Hamilton also had pictures of a young boy and his grandmother. She said she asked the old woman what she had been able to bring with her when she fled violence in her country and came to Kenya. She pointed to a milk jug.

When Hamilton was first invited into that refugee family’s room in Kenya, the only word of English the woman knew was “welcome.” Not long ago, Hamilton said she was able to talk again with the woman, now in Seattle, Wash. The boys had regained their health and were in school. Their grandmother had learned English and she told Hamilton how her life had dramatically changed.

Hamilton described another scene she witnessed as many refugees were assembled at an airport awaiting transportation to their new homes. Rows of suitcases with destinations marked on them covered the floor. She showed a picture of one special suitcase that had caused her great excitement. Its sign read: “Lewiston, Maine.”
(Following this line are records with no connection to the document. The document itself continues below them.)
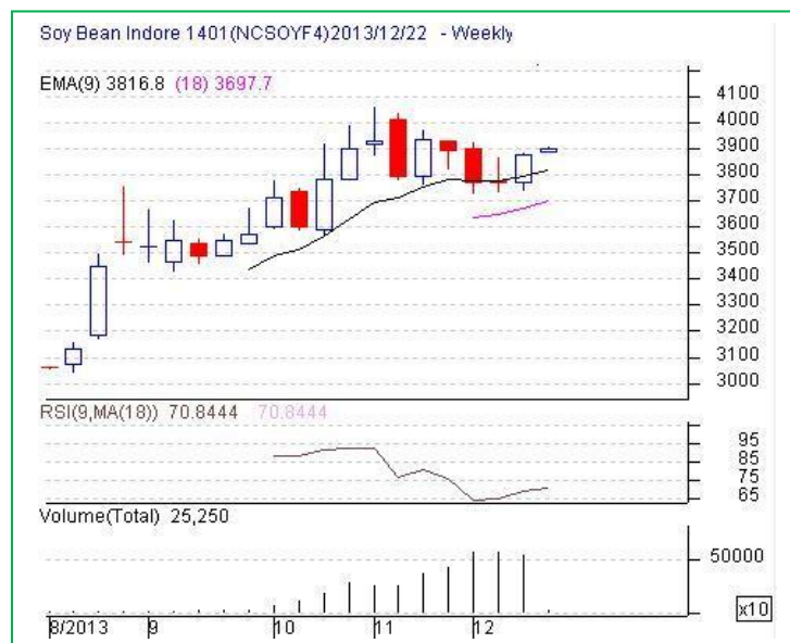
NCDEX Soybean Futures-Weekly Chart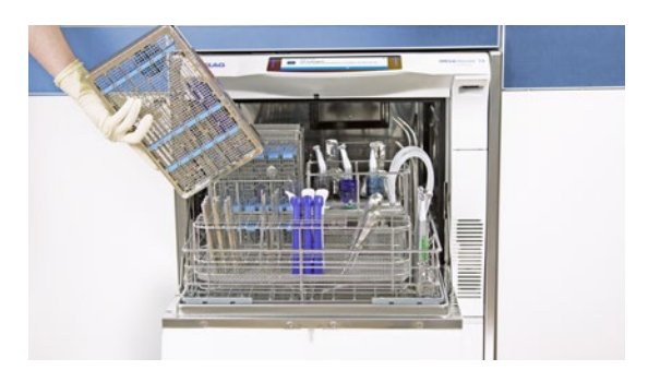
✓ Cleaning & disinfection with MELA therm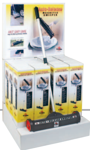
13-Unit Display MS16-13

Clean-up has just become easier with the Auto-Release Magnetic Sweeper. The sweeper's 16-inch magnetic plate attracts ferrous material and easily releases it by turning the handle counterclockwise and pulling. Back pain and bending are a thing of the past. Its innovative design is non-corrosive, easy to use and eliminates hand cuts by eliminating contact with attracted material.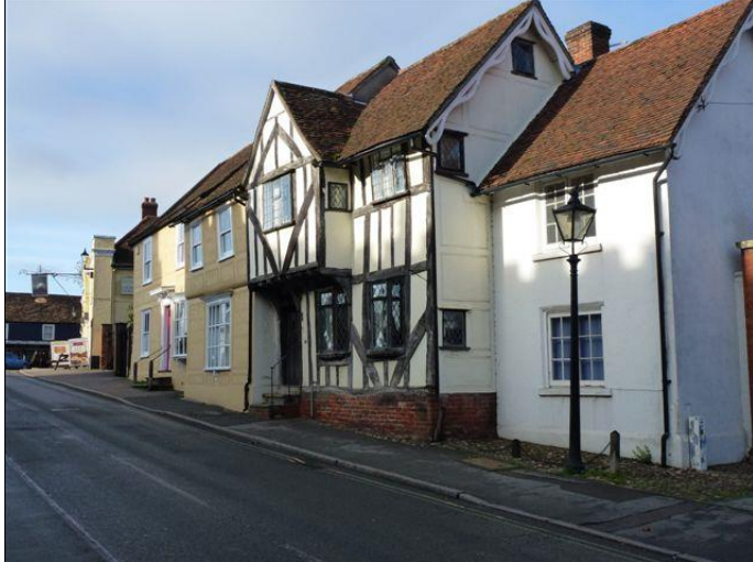
Left: North side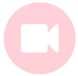
Videos to Watch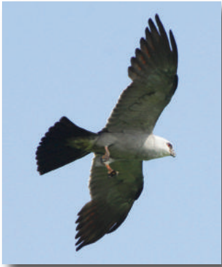
Mississippi Kite, by Dan Vickers.

If Mississippi Kites were circus performers, they might be the Flying Wallendas. If they were military pilots, they might be the Blue Angels. The printed page cannot adequately describe the aerial maneuvers these birds can perform, but if you'd like to see for yourself, search "Mississippi Kite Barrel Roll" on YouTube for a demonstration.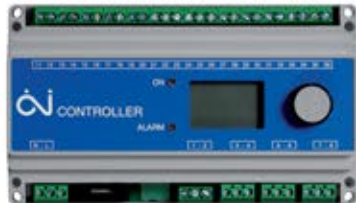
Snowmelt system controller

The master control unit offers a maintenance-free snow melting system for residential and commercial business owners. The snow melting system controller features manual override capability for times when the wind creates snow drifts on the driveway, or if ice forms due to wind, shade or other conditions.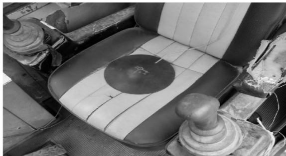
FIGURE 1. Seat with seat pad accelerometer.

For vibration measurement, a seat pad accelerometer of model SV 38 is placed on the seat surface and the accelerations were measured. Then the seat pad accelerometer is placed on the surface of the air cushion which is placed on the seat for measuring the same. To measure the floor acceleration tri-axial accelerometer of model Sv84 is used. Both the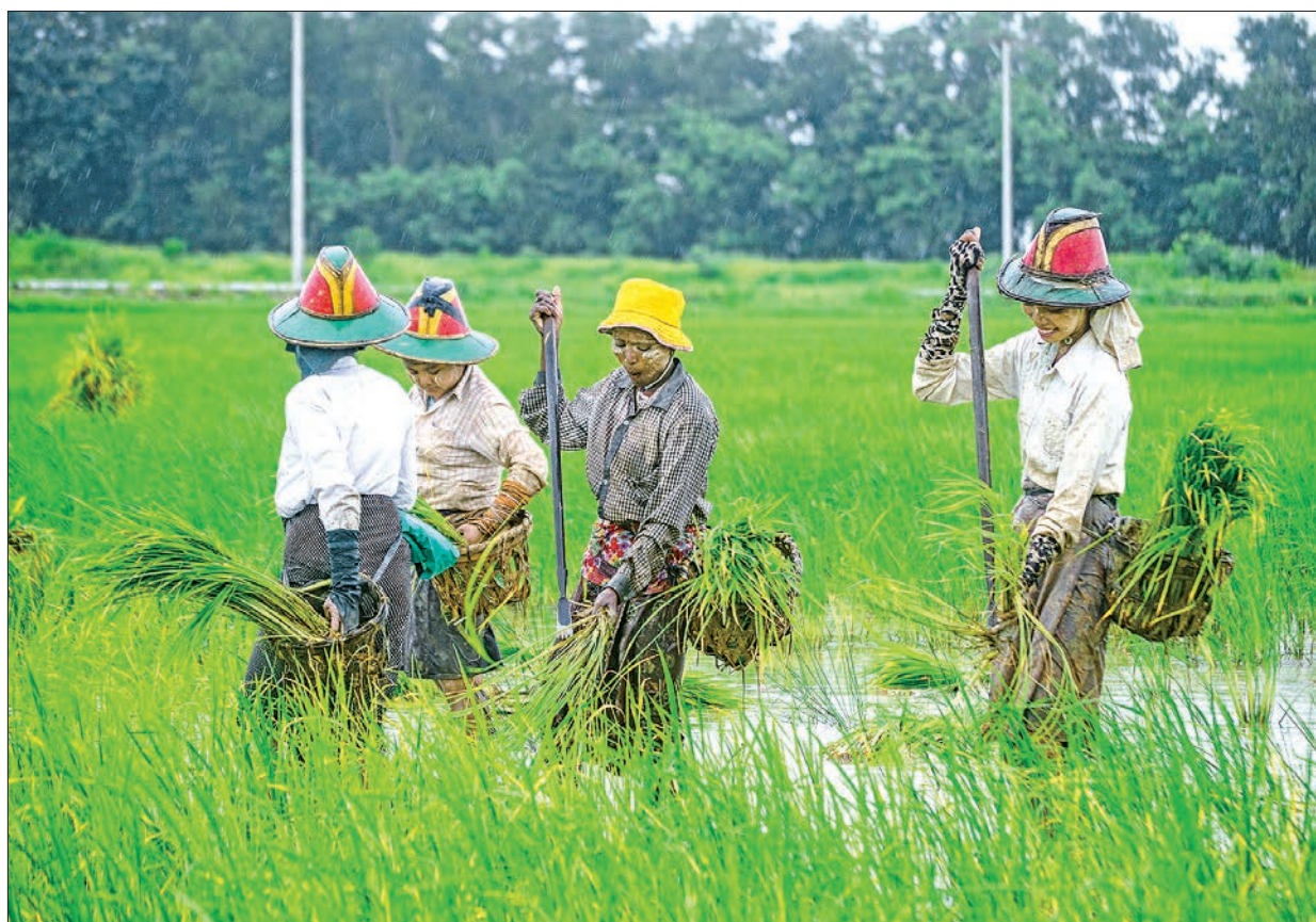
Farmers plant rice seedlings in a paddy field on the outskirts of Yangon.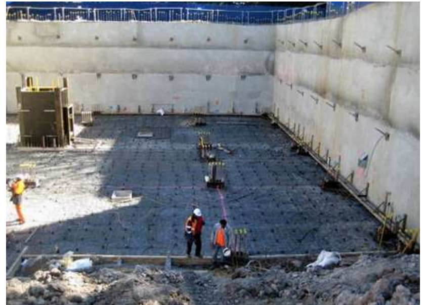
Medium Rise Apartments, Stanley Street, St. Ives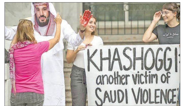
In this AFP file photo taken on October 10, 2018, a demonstrator dressed as Saudi Arabian Crown Prince Mohammed bin Salman (C) with blood on his hands protests with others outside the Saudi Embassy in Washington, DC, demanding justice for missing Saudi journalist Jamal Khashoggi.

“We have made crystal clear and will continue to do so that the brutal killing of Jamal Khashoggi 28 months ago remains unacceptable conduct,” Price said. —AFP ■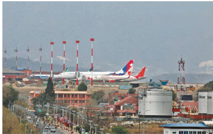
Global aviation watchdogs have questioned the civil aviation body's dual role and urged Nepal to split the organisation into two entities—service provider and regulator.

European Commission says no grounds for revising the list of carriers, including Nepal's, barred from serving the EU.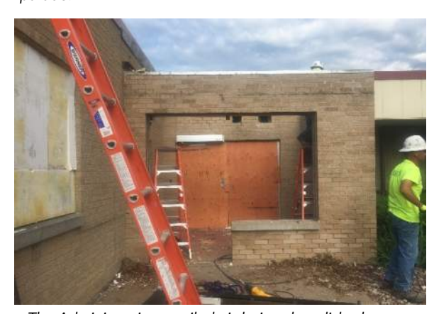
The Administration vestibule is being demolished to prepare for the new Clinic / Med Surge addition.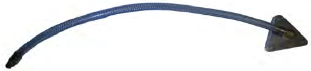
Part# DFS 910-38 International DDT Maxforce 7.6L (2)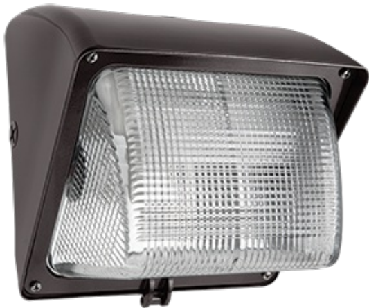
Color: Bronze Weight: 9.2 lbs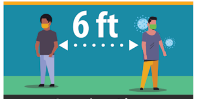
Stay at least 6 feet (about 2 arms' length) from other people.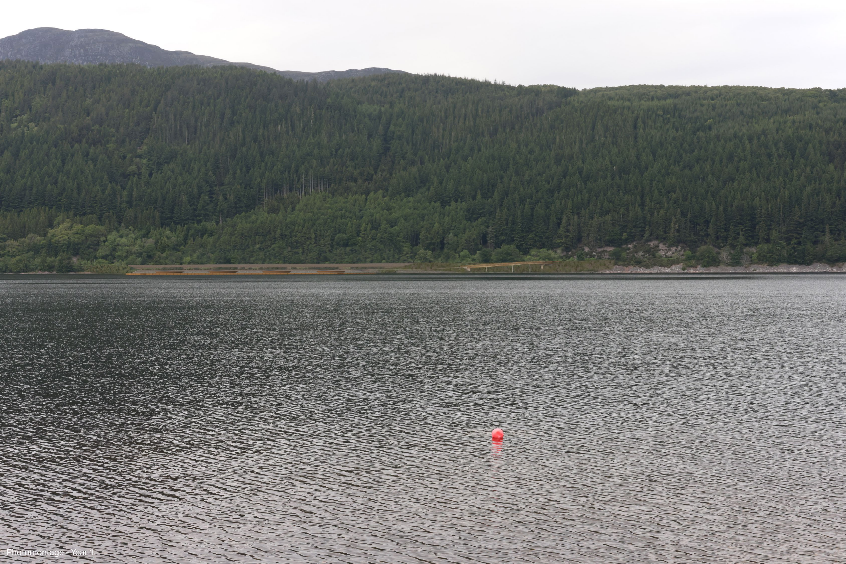
Photomontage - Year 1

When viewed at a comfortable arm's length (approx. 500mm), this printed image is representative of our detailed central vision, but is not representative of scale and distance.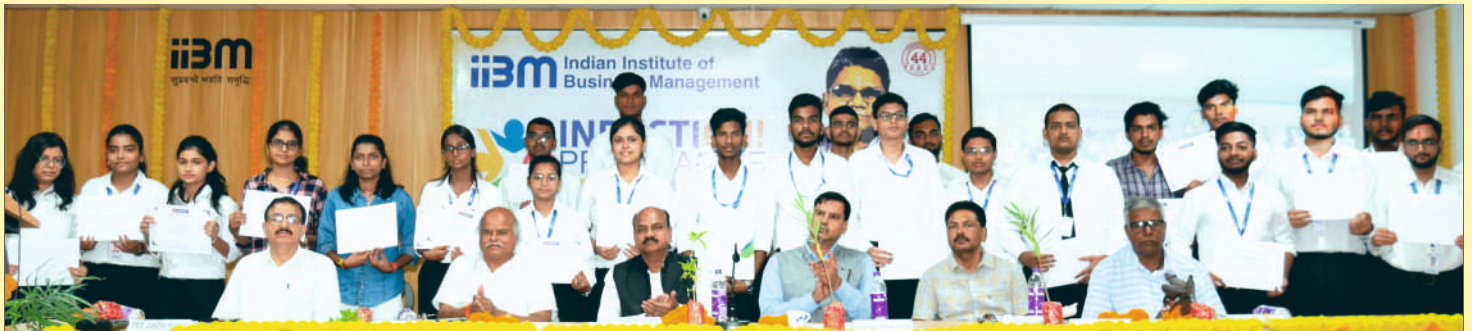
Students sharing dais with esteem panel post certificate distribution for their AWS and Cyber security course at 44th Induction program.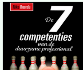
De 7 Competenties (2015)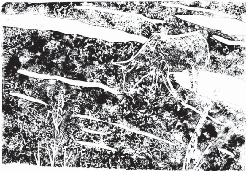
"Får" 2013, monotypia, 20x30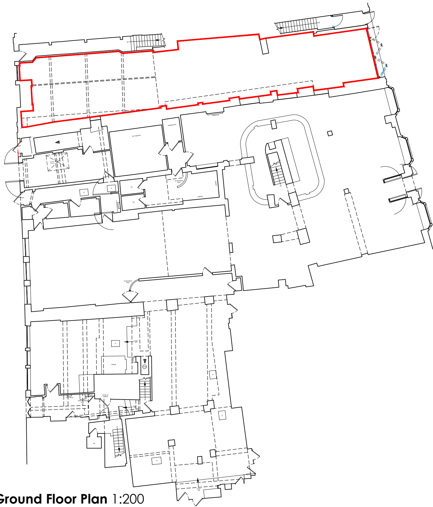
Ground Floor Plan 1:200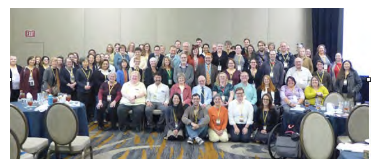
OLAC Conference Attendees after the Saturday Luncheon Membership Meeting

You know the adage about pictures being worth a thousand words, so I'm going to let the pictures tell some of the story: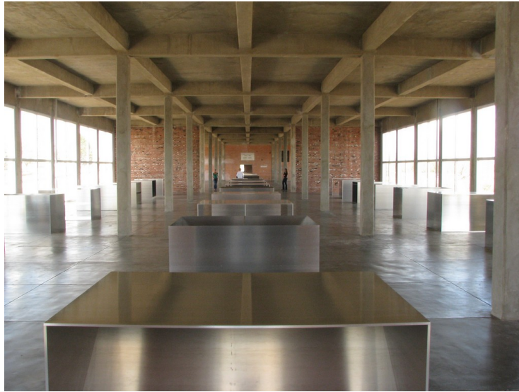
(fig.5) Judd Foundation, Marfa Texas, work by Donald Judd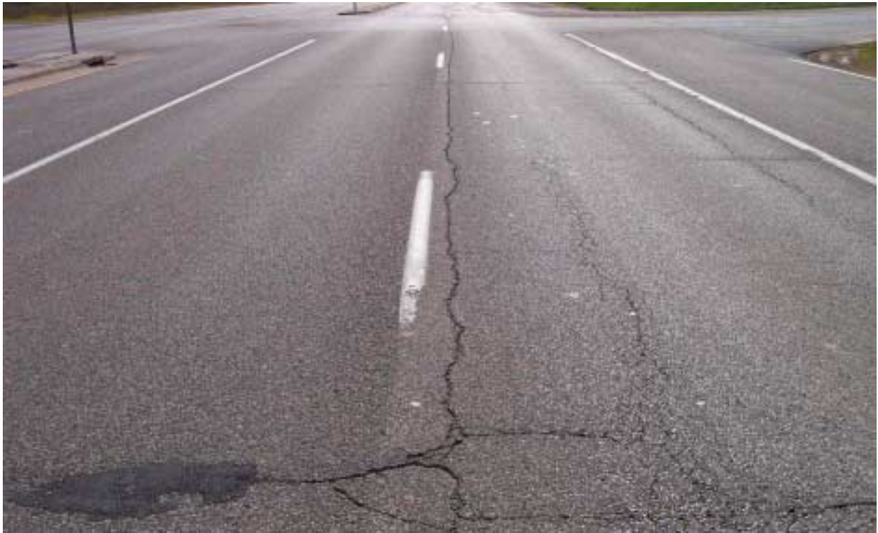
Figure 13. Low Severity Longitudinal Joint Deterioration (no spalling or random cracks)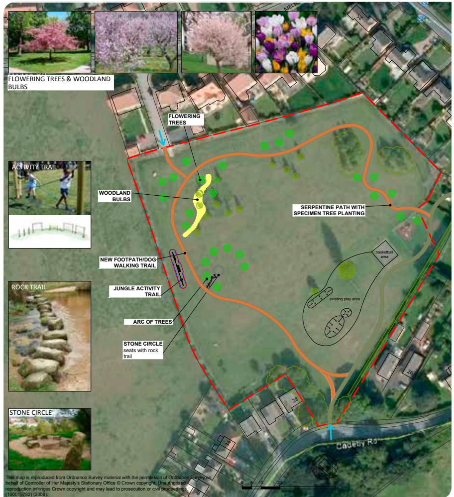
Artist impression of the proposals

Addressing the Great Falls Forum audience, she said, “You should celebrate. There’s so much good work being done here.” She added, “finding things that connect people” is important for that to happen, and exposure to the culture of the refugees is essential.

Several years ago, Hamilton wrote and performed a one-woman show entitled “Checkered Floors” based on the Somali resettlement in Maine.

The Great Falls Forum is a monthly speaker series co-sponsored by the Sun Journal, Bates College and the Lewiston Public Library.